Beginning Perl for Bioinformatics
author James Tisdall
pages 400
publisher O'Reilly & Associates
rating 8
reviewer babbage
ISBN 0-596-00080-4
summary Well-balanced approach to applying Perl's sorting and analytical abilities to the field of bioinformatics.

Superficially, this book isn't all that different from a lot of introductory Perl books: the Perl material starts out with an overview of the language, followed by a crash course on installing Perl, writing programs, and running them. From there, it goes on to introduce all the various language constructs, from variables to statements to subroutines, that any programmer is going to have to get comfortable with. Pretty run of the mill so far. Tisdall starts with two interesting assumptions, though: [1] that the reader may have never written a computer program before, and so needs to learn how to engineer a robust application that will do its job efficiently and well, and [2] that the reader wants to know how to write programs that can solve a series of biological problems, specifically in genetics and proteomics.

As such, there is at least as much material about the problems that a biologist faces and the places she can go to get the data she needs as there is about the issues that a Perl programmer needs to be aware of. The author introduces the reader to the basics of DNA chemistry, the cellular processes that convert DNA to RNA and then proteins, and a little bit about how and why this is important to the biologist and what sorts of information would help a biologist's research. The main sources of public genetic data are noted, and the often confusing -- and huge -- datafiles that can be obtained from these sources are examined in detail.

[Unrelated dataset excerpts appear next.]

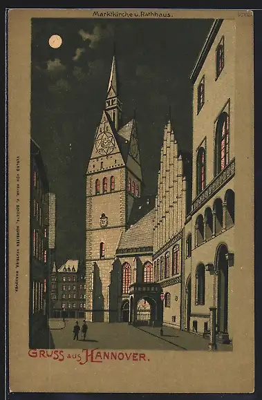 Mondschein-Lithographie Hannover, Marktkirche und Rathaus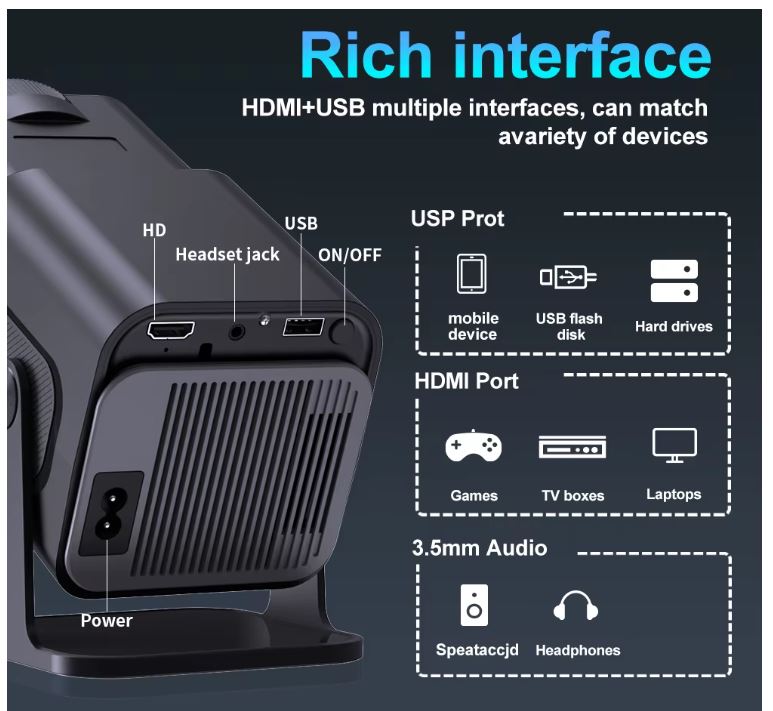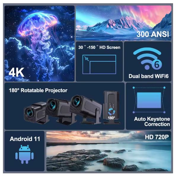 4K Resolution & 300 ANSI Lumens:Enjoy vivid 4K visuals with 300 ANSI lumens, perfect for home theater or outdoor viewing.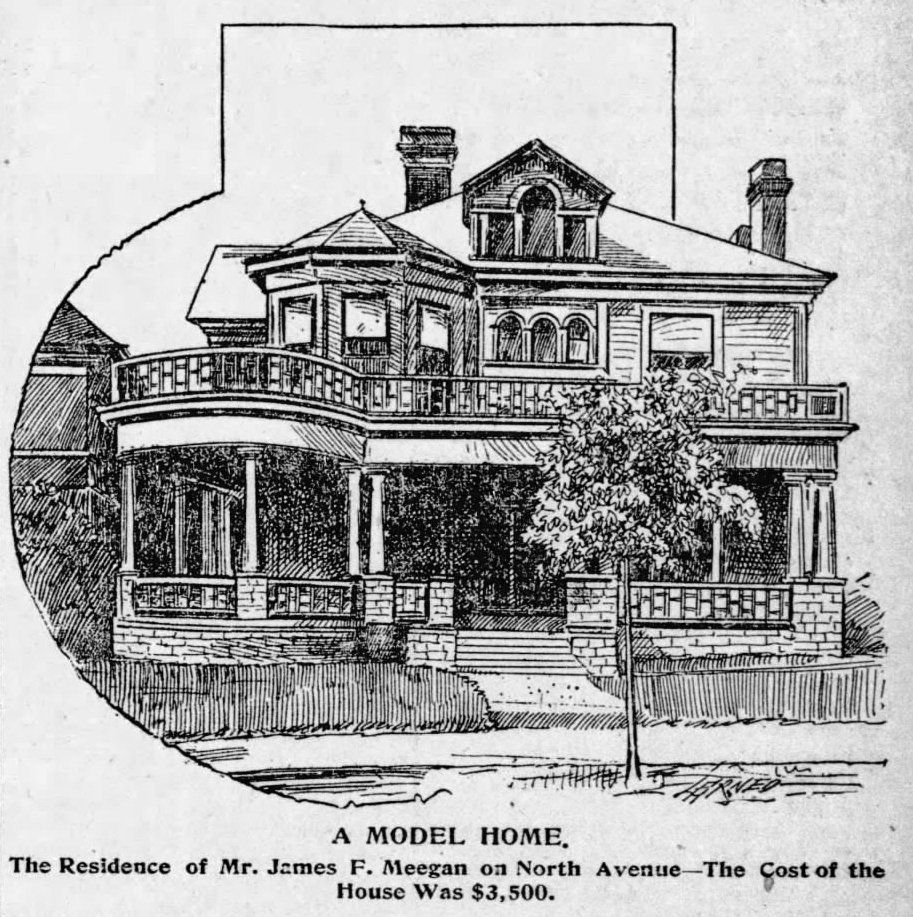 Accompanying this article are the front view and two floor plans of the residence of Mr. James F. Meegan, on North avenue. The house is one of the prettiest on that street, and since its erection last spring has been greatly admired. The plans are the work of Bruce & Morgan. The building was designed for a 50-foot lot. On the first floor there are the parlor, sitting room and library, on the right.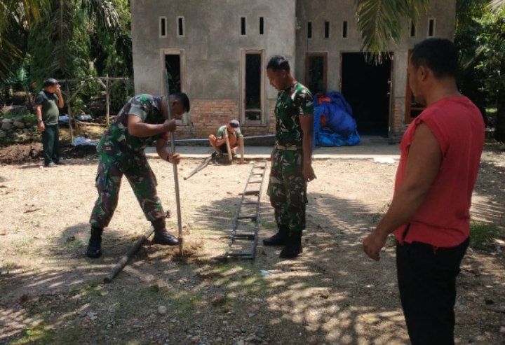 Dukung Kegiatan Masyarakat, Babinsa Koramil 09/Sosa Bantu Warga Pasang Tenda - KODIM 0212/TAPSEL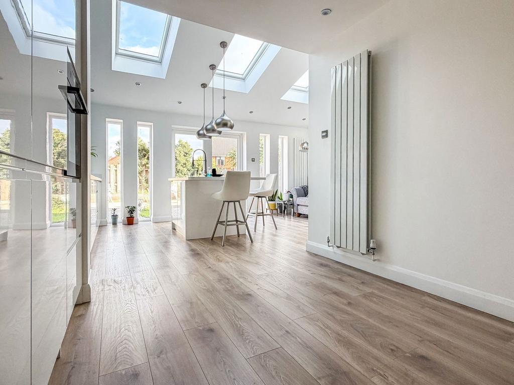 As you step inside, a welcoming hallway leads to a spacious through lounge, a warm and inviting room designed for relaxing with family or entertaining friends. Beyond this, the heart of the home awaits — a stunning open-plan kitchen, dining and family area that truly defines contemporary living. Electric Velux windows fill the room with natural light, while large patio doors open directly onto the rear garden, creating a seamless flow between indoor and outdoor spaces. The sleek modern kitchen includes integrated appliances, generous work surfaces and a central island, making it the perfect place to gather, cook and socialise.

With the code he presents for solving these problems, Tisdall makes a point of not falling into the indecipherable-Perl trap: this is a useful language, well-suited to the essentially text-analysis problems that bioinformatics means, and he doesn't want to encourage the kind of dense, obscure, idiomatic coding style that has given Perl an undeservedly bad reputation. Some of Perl's more esoteric constructs are useful, and they show up when they're needed, but they're left out when they would only serve to confuse the reader. This is a good decision.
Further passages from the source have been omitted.